وَقَضَيۡنَآ إِلَيۡهِ ذَٰلِكَ ٱلۡأَمۡرَ أَنَّ دَابِرَ هَـٰٓؤُلَآءِ مَقۡطُوعٞ مُّصۡبِحِينَ

Böylece Lut'a bunların sonlarının kesilmiş olarak sabahlıyacaklarını bildirdik.


وَجَآءَ أَهۡلُ ٱلۡمَدِينَةِ يَسۡتَبۡشِرُونَ

Şehir halkı, sevinerek geldiler.


قَالَ إِنَّ هَـٰٓؤُلَآءِ ضَيۡفِي فَلَا تَفۡضَحُونِ

Lut: "Bunlar benim konuklarımdır, onlara karşı beni rüsvay etmeyin, Allah'tan korkun, beni utandırmayın" dedi.


وَٱتَّقُواْ ٱللَّهَ وَلَا تُخۡزُونِ

Lut: "Bunlar benim konuklarımdır, onlara karşı beni rüsvay etmeyin, Allah'tan korkun, beni utandırmayın" dedi.


قَالُوٓاْ أَوَلَمۡ نَنۡهَكَ عَنِ ٱلۡعَٰلَمِينَ

"Biz sana kimseyi misafir kabul etmeyi yasak etmemiş miydik?" dediler.

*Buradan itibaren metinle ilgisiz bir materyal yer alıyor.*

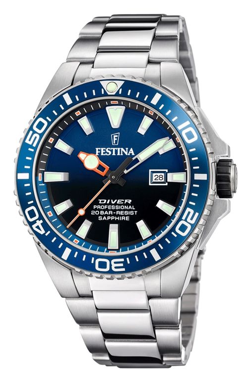 Značka: FESTINA | Kolekce: THE ORIGINALS | Model: 20663/1 | Záruka: 2 roky | Barva: modrá | Barva: stříbrná | Barva pouzdra: modrá | Barva pouzdra: stříbrná | Materiál pouzdra: ocel | Napájení: baterie | Materiál řemínku: ocel | Funkce: Datum - den v měsíci | Vodotěsnost: 200M/20ATM | Sklo: safírové | Tvar: kulaté | Typ zapínání: překlápěcí přezka s pojistkou | Číslice na ciferníku: indexy | Určení: pánské | Typ produktu: hodinky | Typ: ručičkové | Šířka řemínku: 26,5 | Průměr: 45,7 | Tloušťka: 14,1 | Strojek: Miyota 2115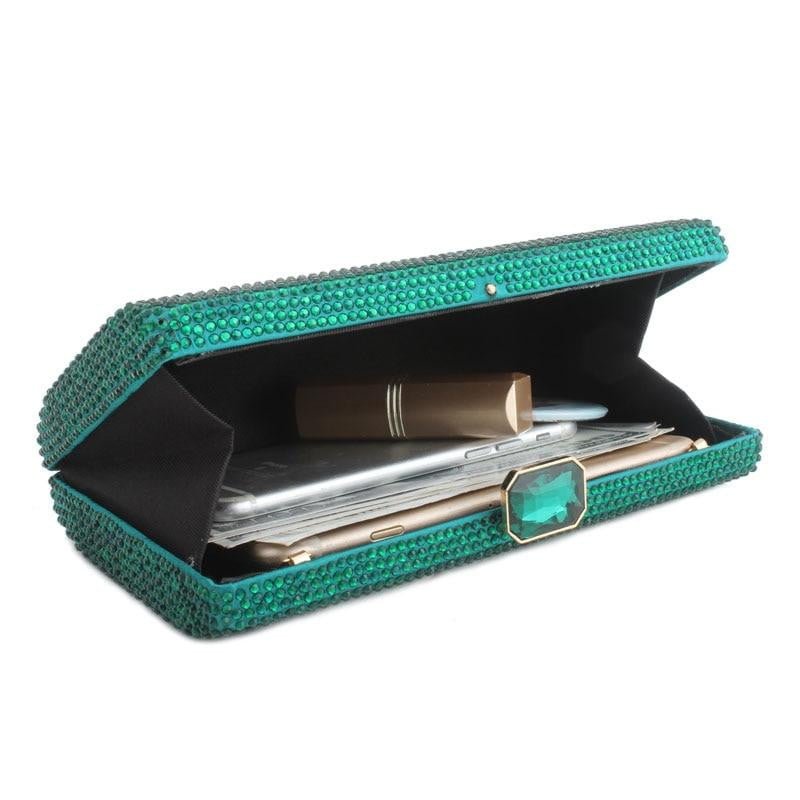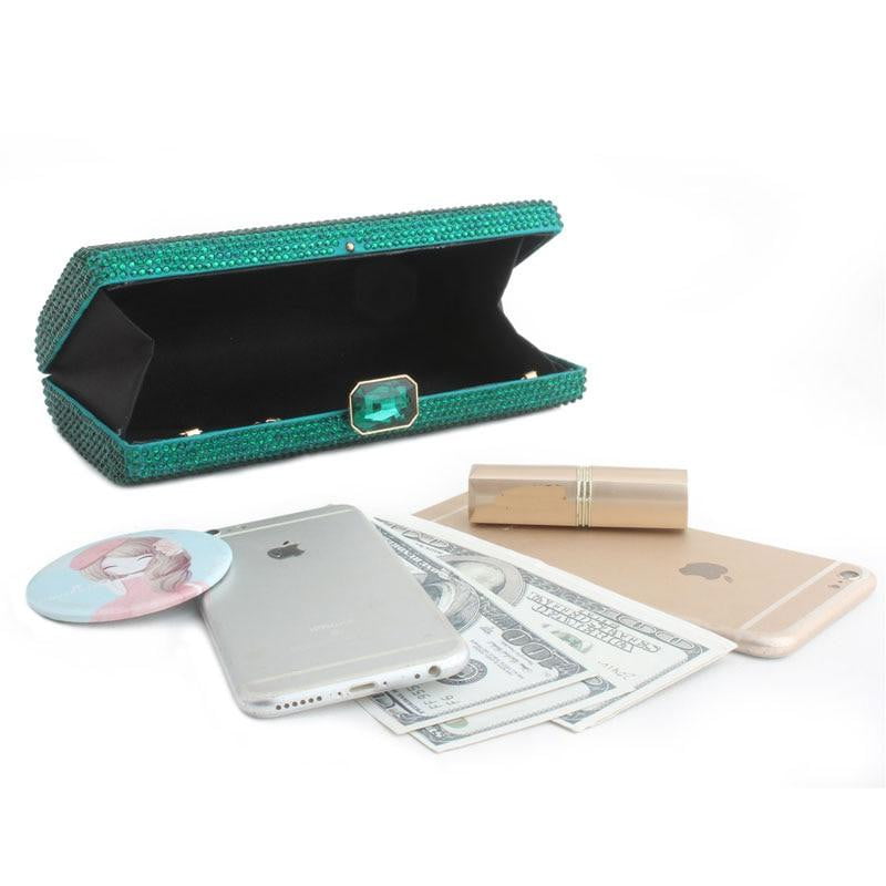 This bag is inlaid with diamonds. There are 7 colors to choose from: red. green. blue. champagne. gold. silver and black. Its chain can be disassembled. You can use it as a handbag or a shoulder bag.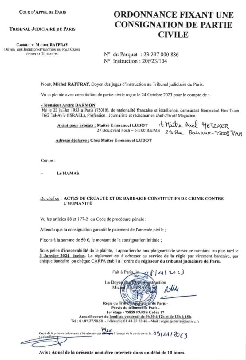 Ce jeudi 09 novembre 2023, le Doyen des Juges d’Instruction du Pôle Crime contre l’humanité a jugé recevable la plainte déposée par André Darmon, Directeur-fondateur d’Israël Magazine et ses avocats le 24 octobre (15 jours plus tôt), qui vise à exposer devant la Cour, les procédés génocidaires mis en œuvre par l’organisation terroriste Hamas, qu’illustrent les événements du 7 au 9 octobre 2023.

قَالَ هَـٰٓؤُلَآءِ بَنَاتِيٓ إِن كُنتُمۡ فَٰعِلِينَ

Lut: "Alacaksanız, işte benim kızlarım" dedi.


لَعَمۡرُكَ إِنَّهُمۡ لَفِي سَكۡرَتِهِمۡ يَعۡمَهُونَ

Senin hayatına and olsun ki, onlar sarhoşlukları içinde bocalayıp duruyorlardı.


فَأَخَذَتۡهُمُ ٱلصَّيۡحَةُ مُشۡرِقِينَ

Tanyeri ağarırken, çığlık onları yakalayıverdi.